[INSTRUCTIONS TO FOLLOW]
Your copy of the entries below should hold exactly the lines from the one containing "カツラギ生地、綿100%の白" to the one containing "Квартира в квартале", inclusive, and no pictures.

[MATERIAL PROVIDED]
Start of Block

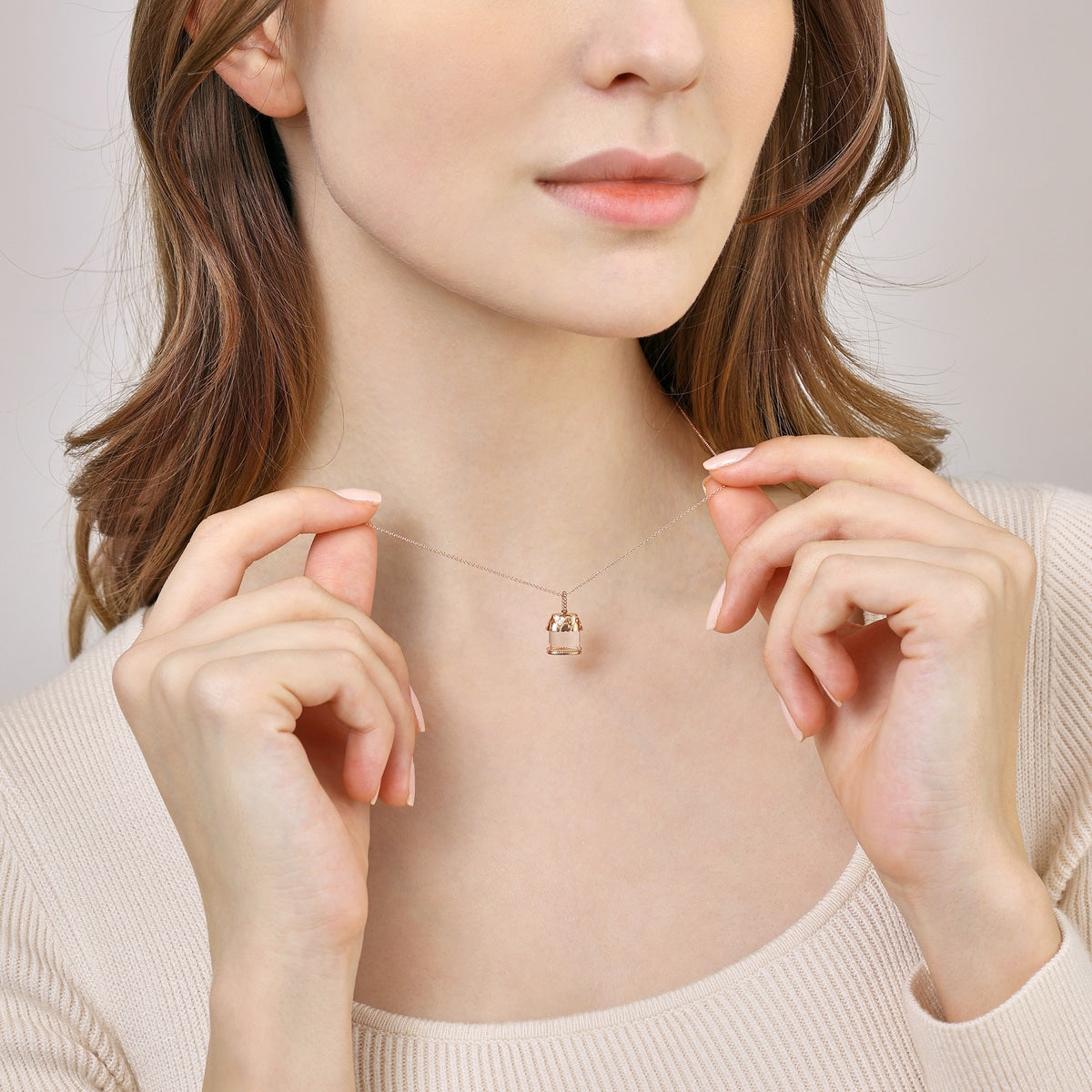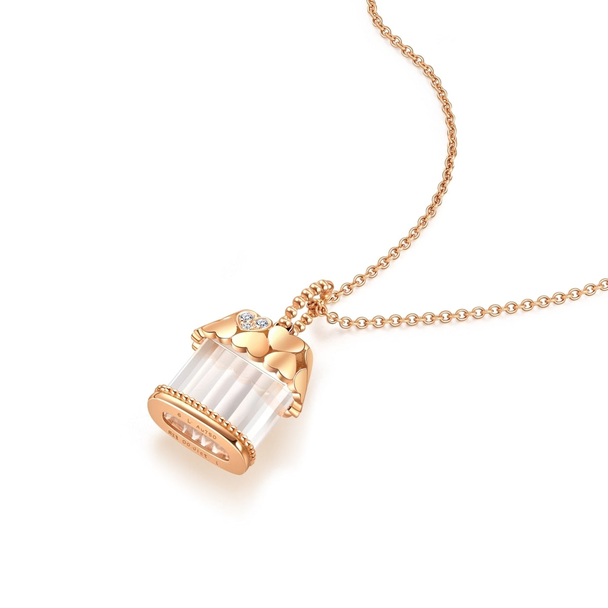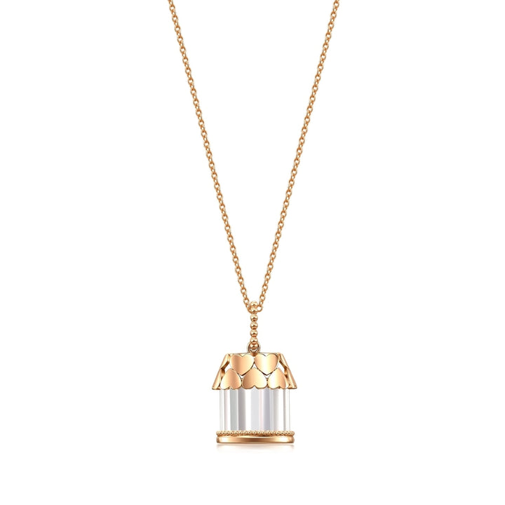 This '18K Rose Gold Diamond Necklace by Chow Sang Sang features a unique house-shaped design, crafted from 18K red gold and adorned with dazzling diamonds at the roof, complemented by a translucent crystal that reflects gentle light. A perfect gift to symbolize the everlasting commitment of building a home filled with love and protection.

End of Block
Start of Block

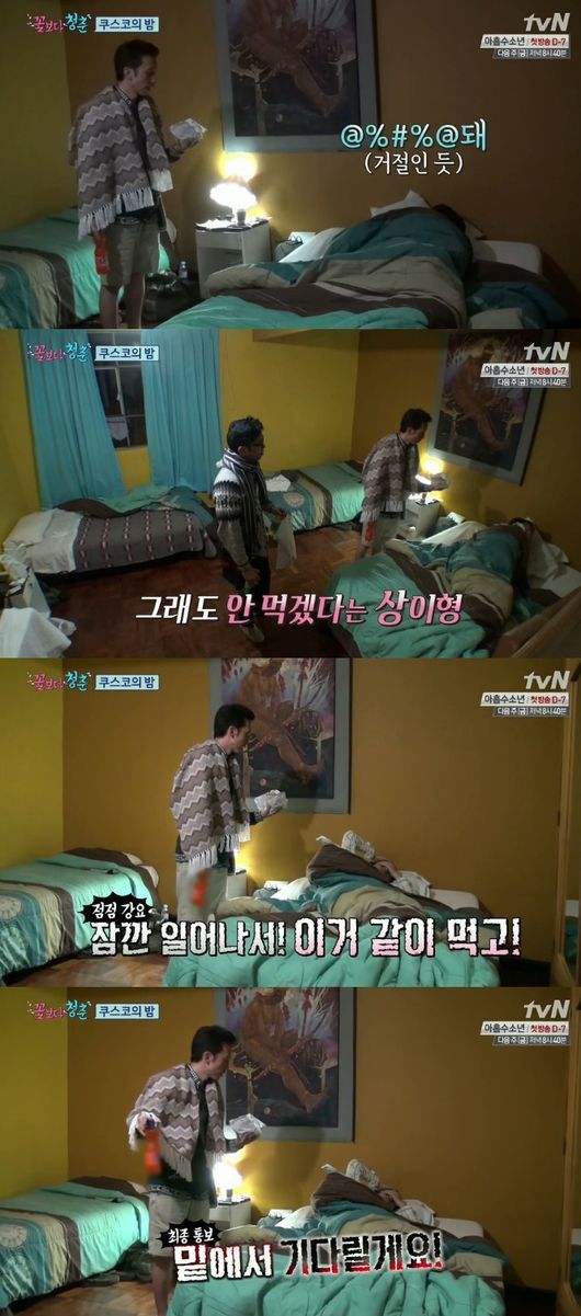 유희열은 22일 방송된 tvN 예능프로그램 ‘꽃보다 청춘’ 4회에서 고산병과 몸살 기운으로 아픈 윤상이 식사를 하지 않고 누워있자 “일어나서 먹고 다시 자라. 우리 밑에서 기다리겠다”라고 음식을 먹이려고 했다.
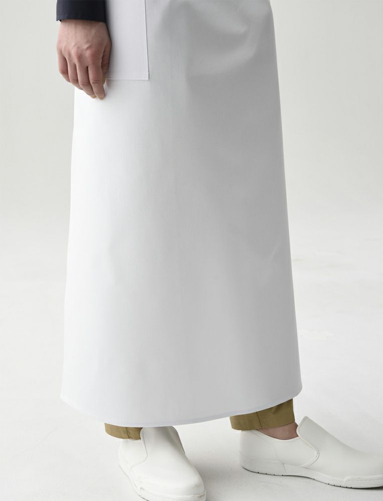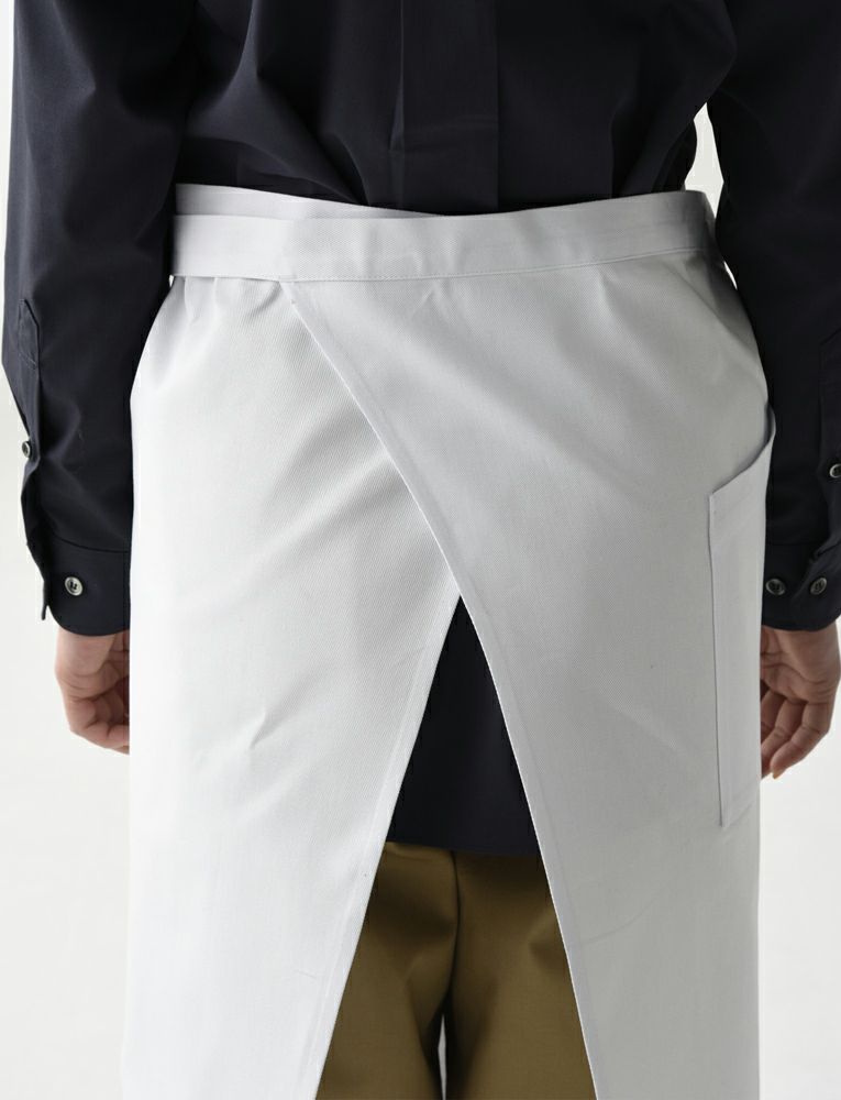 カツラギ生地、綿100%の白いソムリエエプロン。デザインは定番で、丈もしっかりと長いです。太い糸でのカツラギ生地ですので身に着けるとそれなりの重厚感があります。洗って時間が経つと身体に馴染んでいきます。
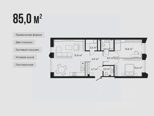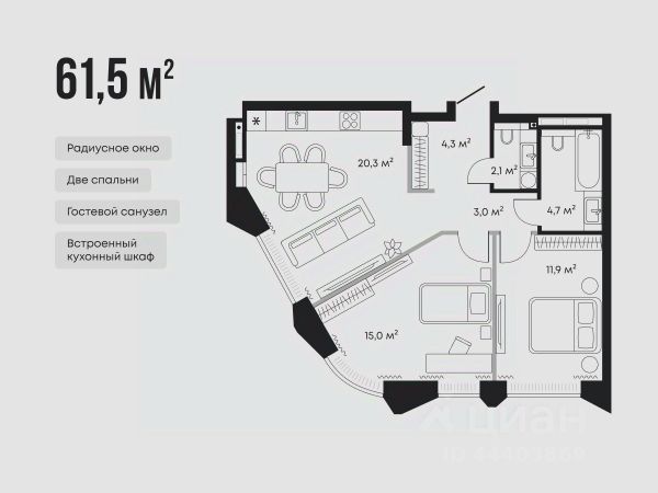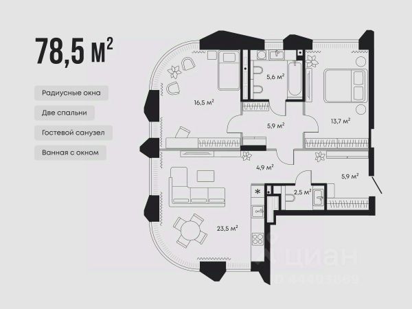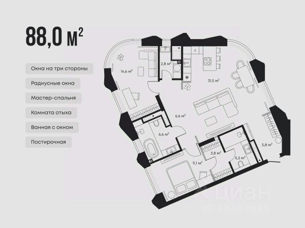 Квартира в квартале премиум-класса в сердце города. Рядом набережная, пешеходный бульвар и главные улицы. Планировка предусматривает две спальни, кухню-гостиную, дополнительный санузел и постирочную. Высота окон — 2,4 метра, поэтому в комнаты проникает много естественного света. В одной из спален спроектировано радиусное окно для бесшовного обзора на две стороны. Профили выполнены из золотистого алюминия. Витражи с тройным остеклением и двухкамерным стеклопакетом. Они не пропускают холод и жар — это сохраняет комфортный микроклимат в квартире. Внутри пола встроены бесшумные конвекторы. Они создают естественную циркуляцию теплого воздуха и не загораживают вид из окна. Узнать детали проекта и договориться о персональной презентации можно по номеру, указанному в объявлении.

End of Block

[YOUR RESPONSE]
 カツラギ生地、綿100%の白いソムリエエプロン。デザインは定番で、丈もしっかりと長いです。太い糸でのカツラギ生地ですので身に着けるとそれなりの重厚感があります。洗って時間が経つと身体に馴染んでいきます。
 Квартира в квартале премиум-класса в сердце города. Рядом набережная, пешеходный бульвар и главные улицы. Планировка предусматривает две спальни, кухню-гостиную, дополнительный санузел и постирочную. Высота окон — 2,4 метра, поэтому в комнаты проникает много естественного света. В одной из спален спроектировано радиусное окно для бесшовного обзора на две стороны. Профили выполнены из золотистого алюминия. Витражи с тройным остеклением и двухкамерным стеклопакетом. Они не пропускают холод и жар — это сохраняет комфортный микроклимат в квартире. Внутри пола встроены бесшумные конвекторы. Они создают естественную циркуляцию теплого воздуха и не загораживают вид из окна. Узнать детали проекта и договориться о персональной презентации можно по номеру, указанному в объявлении.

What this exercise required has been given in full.